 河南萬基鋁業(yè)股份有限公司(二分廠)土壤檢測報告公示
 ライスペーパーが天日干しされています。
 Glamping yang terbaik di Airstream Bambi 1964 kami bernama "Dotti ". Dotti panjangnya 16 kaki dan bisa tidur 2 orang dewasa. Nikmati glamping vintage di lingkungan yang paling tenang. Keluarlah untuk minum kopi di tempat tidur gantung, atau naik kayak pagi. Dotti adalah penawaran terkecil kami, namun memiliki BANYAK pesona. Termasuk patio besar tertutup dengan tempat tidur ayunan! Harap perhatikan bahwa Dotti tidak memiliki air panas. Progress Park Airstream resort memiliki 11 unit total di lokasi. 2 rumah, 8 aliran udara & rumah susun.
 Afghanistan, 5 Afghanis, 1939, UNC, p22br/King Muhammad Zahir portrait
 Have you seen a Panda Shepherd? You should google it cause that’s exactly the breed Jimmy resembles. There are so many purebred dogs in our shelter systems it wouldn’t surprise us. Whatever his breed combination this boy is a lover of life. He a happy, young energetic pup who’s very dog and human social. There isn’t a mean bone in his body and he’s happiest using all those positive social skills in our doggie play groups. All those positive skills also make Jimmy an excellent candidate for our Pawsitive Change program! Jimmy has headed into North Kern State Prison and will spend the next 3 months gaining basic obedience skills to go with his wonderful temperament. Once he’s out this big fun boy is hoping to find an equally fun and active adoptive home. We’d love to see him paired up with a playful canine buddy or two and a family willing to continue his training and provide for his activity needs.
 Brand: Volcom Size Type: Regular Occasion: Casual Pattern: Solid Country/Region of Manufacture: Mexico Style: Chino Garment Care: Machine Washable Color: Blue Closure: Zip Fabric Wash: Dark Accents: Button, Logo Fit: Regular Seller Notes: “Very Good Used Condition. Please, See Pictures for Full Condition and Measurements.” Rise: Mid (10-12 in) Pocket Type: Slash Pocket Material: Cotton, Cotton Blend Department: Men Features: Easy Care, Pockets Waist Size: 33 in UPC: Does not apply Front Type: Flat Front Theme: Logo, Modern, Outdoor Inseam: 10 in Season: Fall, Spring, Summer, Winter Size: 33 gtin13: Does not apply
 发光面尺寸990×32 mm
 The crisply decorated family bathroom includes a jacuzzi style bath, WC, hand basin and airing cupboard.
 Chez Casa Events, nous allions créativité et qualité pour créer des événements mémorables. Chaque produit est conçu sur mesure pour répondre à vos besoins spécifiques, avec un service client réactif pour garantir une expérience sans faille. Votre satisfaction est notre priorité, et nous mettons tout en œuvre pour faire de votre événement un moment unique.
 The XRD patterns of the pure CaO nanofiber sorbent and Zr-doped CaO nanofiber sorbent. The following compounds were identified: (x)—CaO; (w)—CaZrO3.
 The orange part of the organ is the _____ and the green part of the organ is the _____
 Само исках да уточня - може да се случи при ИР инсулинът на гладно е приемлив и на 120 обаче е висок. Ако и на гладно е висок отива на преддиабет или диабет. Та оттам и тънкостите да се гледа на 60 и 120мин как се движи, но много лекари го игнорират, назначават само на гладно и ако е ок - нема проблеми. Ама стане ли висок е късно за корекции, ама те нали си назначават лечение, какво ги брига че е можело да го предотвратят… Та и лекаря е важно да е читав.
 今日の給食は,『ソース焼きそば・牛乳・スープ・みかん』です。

__________________________________________________

Exercise details: Review the entries above and return every line where "family" appears.

Exercise answer:
 Have you seen a Panda Shepherd? You should google it cause that’s exactly the breed Jimmy resembles. There are so many purebred dogs in our shelter systems it wouldn’t surprise us. Whatever his breed combination this boy is a lover of life. He a happy, young energetic pup who’s very dog and human social. There isn’t a mean bone in his body and he’s happiest using all those positive social skills in our doggie play groups. All those positive skills also make Jimmy an excellent candidate for our Pawsitive Change program! Jimmy has headed into North Kern State Prison and will spend the next 3 months gaining basic obedience skills to go with his wonderful temperament. Once he’s out this big fun boy is hoping to find an equally fun and active adoptive home. We’d love to see him paired up with a playful canine buddy or two and a family willing to continue his training and provide for his activity needs.
 The crisply decorated family bathroom includes a jacuzzi style bath, WC, hand basin and airing cupboard.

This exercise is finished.